(DATA FOR THIS EXERCISE begins)
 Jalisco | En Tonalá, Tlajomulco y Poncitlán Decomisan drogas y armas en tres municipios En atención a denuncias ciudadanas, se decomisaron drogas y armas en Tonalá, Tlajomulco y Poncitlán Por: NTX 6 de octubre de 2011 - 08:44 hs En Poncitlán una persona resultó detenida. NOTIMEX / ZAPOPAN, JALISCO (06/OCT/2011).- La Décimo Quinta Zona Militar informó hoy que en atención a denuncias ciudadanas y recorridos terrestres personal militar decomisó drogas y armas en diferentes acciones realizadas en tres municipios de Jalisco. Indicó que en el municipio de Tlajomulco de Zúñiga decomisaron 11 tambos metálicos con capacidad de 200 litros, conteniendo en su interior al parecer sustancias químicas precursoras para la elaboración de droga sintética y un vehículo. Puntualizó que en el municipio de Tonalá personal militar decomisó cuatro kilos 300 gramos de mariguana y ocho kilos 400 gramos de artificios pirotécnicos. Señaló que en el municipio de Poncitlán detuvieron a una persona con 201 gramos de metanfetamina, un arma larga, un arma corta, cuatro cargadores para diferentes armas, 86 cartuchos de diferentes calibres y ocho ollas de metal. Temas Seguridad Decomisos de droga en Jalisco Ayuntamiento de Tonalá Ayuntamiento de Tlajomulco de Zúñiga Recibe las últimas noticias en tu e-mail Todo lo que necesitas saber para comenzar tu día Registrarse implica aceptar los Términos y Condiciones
(DATA FOR THIS EXERCISE ends)
(DATA FOR THIS EXERCISE begins)
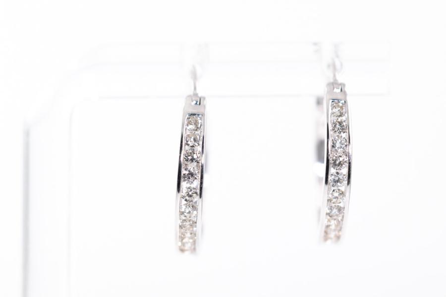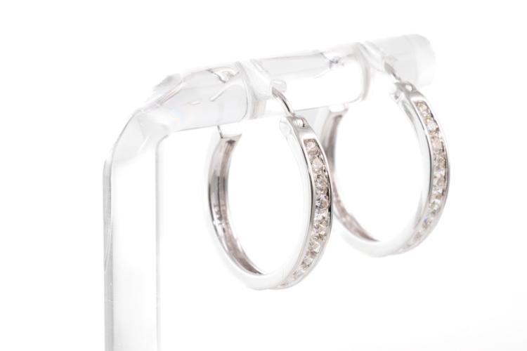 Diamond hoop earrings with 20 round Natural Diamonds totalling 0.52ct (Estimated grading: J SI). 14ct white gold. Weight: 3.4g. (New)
(DATA FOR THIS EXERCISE ends)
(DATA FOR THIS EXERCISE begins)
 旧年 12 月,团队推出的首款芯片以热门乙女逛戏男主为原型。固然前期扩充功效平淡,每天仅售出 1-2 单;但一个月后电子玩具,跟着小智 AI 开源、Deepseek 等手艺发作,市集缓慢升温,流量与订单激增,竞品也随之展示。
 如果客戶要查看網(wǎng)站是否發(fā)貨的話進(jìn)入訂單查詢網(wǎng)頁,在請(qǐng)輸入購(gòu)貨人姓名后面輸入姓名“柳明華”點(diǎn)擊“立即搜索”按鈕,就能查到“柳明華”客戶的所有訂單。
(DATA FOR THIS EXERCISE ends)
ACTION ITEM
All lines above from the one with "旧年 12 月,团队推出的首款芯片以热门乙女逛戏男主为原型。固然前期扩充功效平淡,每天仅售出" to the one with "如果客戶要查看網(wǎng)", inclusive, should be copied exactly, and no other lines.

OUTPUT BELOW
 旧年 12 月,团队推出的首款芯片以热门乙女逛戏男主为原型。固然前期扩充功效平淡,每天仅售出 1-2 单;但一个月后电子玩具,跟着小智 AI 开源、Deepseek 等手艺发作,市集缓慢升温,流量与订单激增,竞品也随之展示。
 如果客戶要查看網(wǎng)站是否發(fā)貨的話進(jìn)入訂單查詢網(wǎng)頁,在請(qǐng)輸入購(gòu)貨人姓名后面輸入姓名“柳明華”點(diǎn)擊“立即搜索”按鈕,就能查到“柳明華”客戶的所有訂單。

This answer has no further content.